= Exercise prompt =
Every picture is to be removed, and all the data is to be copied exactly.
═════ Given material
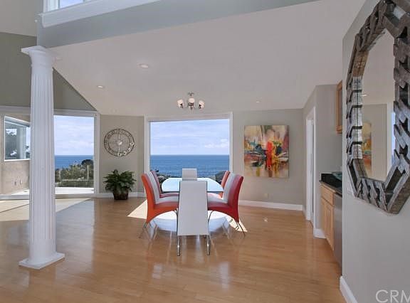 Wonderful ocean views from this soft contemporary luxury home located in sought after Temple Hills. With Catalina and sunset views, this 4 bedroom 3.5 bath home is designed in a European style with lovely gardens and gated security. Bright and open, this estate has large picture windows with the Pacific Ocean as your backdrop. High ceilings with skylights bring the outdoors inside. Enjoy the large great room and separate dining room with wet bar, perfect for entertaining. A wonderful chefs kitchen allows for the gourmet chef to gaze out to the inspiring ocean views while preparing their next masterpiece at stove-side. The ocean view grand master suite has an oversized walk in closet, sitting room, large dual shower, custom designer fixtures and fireplace with great ocean views. Enjoy the private patio attached. Additional features include, beautiful hardwood and natural stone flooring throughout, second master suite and floor to ceiling glass walls. This wonderful home it located in Laguna Village a short distance from great shopping, fine restaurants, famed beaches and some of Laguna's best art galleries.
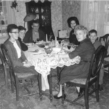 From left, clockwise: Alice Billheimer, and Wally, Dad (William), Sarah, Tim, and Mom (Margaret ) Hilliard, Christmas 1962: photo probably by Dave Billheimer, dining room, 151 State Street, Framingham, MA.
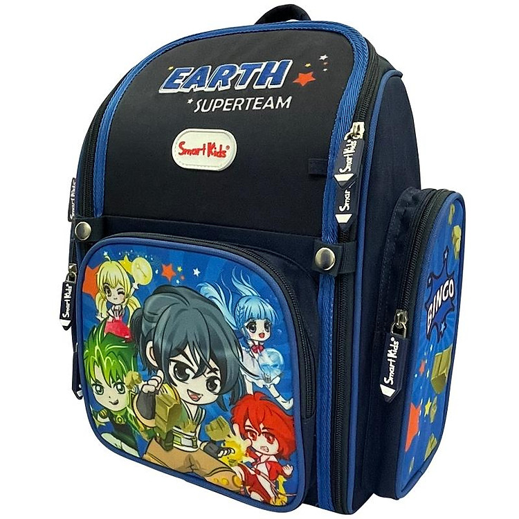 - Ba lô học sinh chống gù Smart Kids – Earth Super Team B-013, màu xanh đen.
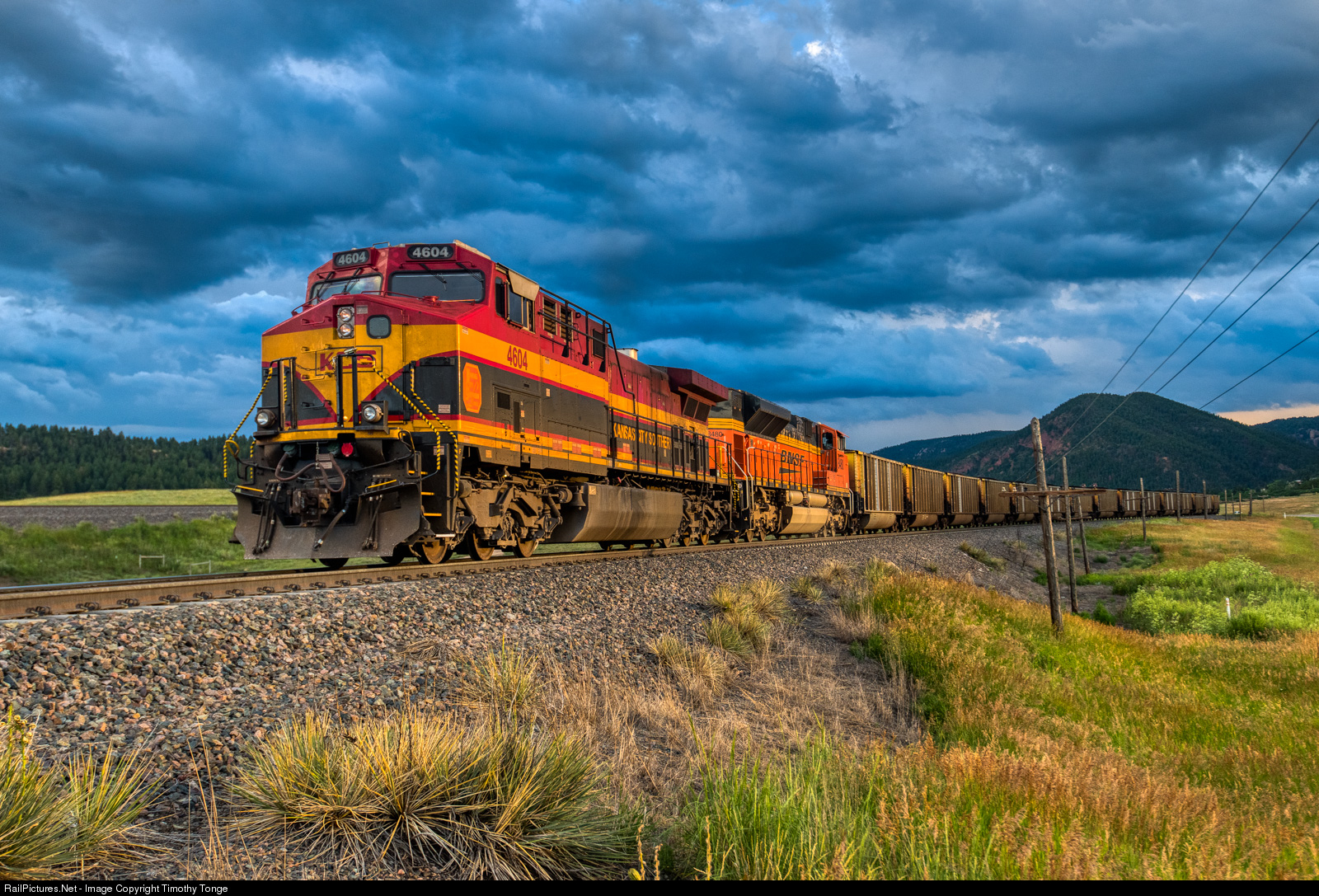 | KCS 4604 is the rear DPU on a southbound BNSF coal load, on a stormy day just prior to sunset. Palmer Lake, CO, July 23, 2019 |
══════════
= Exercise answer =
 Wonderful ocean views from this soft contemporary luxury home located in sought after Temple Hills. With Catalina and sunset views, this 4 bedroom 3.5 bath home is designed in a European style with lovely gardens and gated security. Bright and open, this estate has large picture windows with the Pacific Ocean as your backdrop. High ceilings with skylights bring the outdoors inside. Enjoy the large great room and separate dining room with wet bar, perfect for entertaining. A wonderful chefs kitchen allows for the gourmet chef to gaze out to the inspiring ocean views while preparing their next masterpiece at stove-side. The ocean view grand master suite has an oversized walk in closet, sitting room, large dual shower, custom designer fixtures and fireplace with great ocean views. Enjoy the private patio attached. Additional features include, beautiful hardwood and natural stone flooring throughout, second master suite and floor to ceiling glass walls. This wonderful home it located in Laguna Village a short distance from great shopping, fine restaurants, famed beaches and some of Laguna's best art galleries.
 From left, clockwise: Alice Billheimer, and Wally, Dad (William), Sarah, Tim, and Mom (Margaret ) Hilliard, Christmas 1962: photo probably by Dave Billheimer, dining room, 151 State Street, Framingham, MA.
 - Ba lô học sinh chống gù Smart Kids – Earth Super Team B-013, màu xanh đen.
 | KCS 4604 is the rear DPU on a southbound BNSF coal load, on a stormy day just prior to sunset. Palmer Lake, CO, July 23, 2019 |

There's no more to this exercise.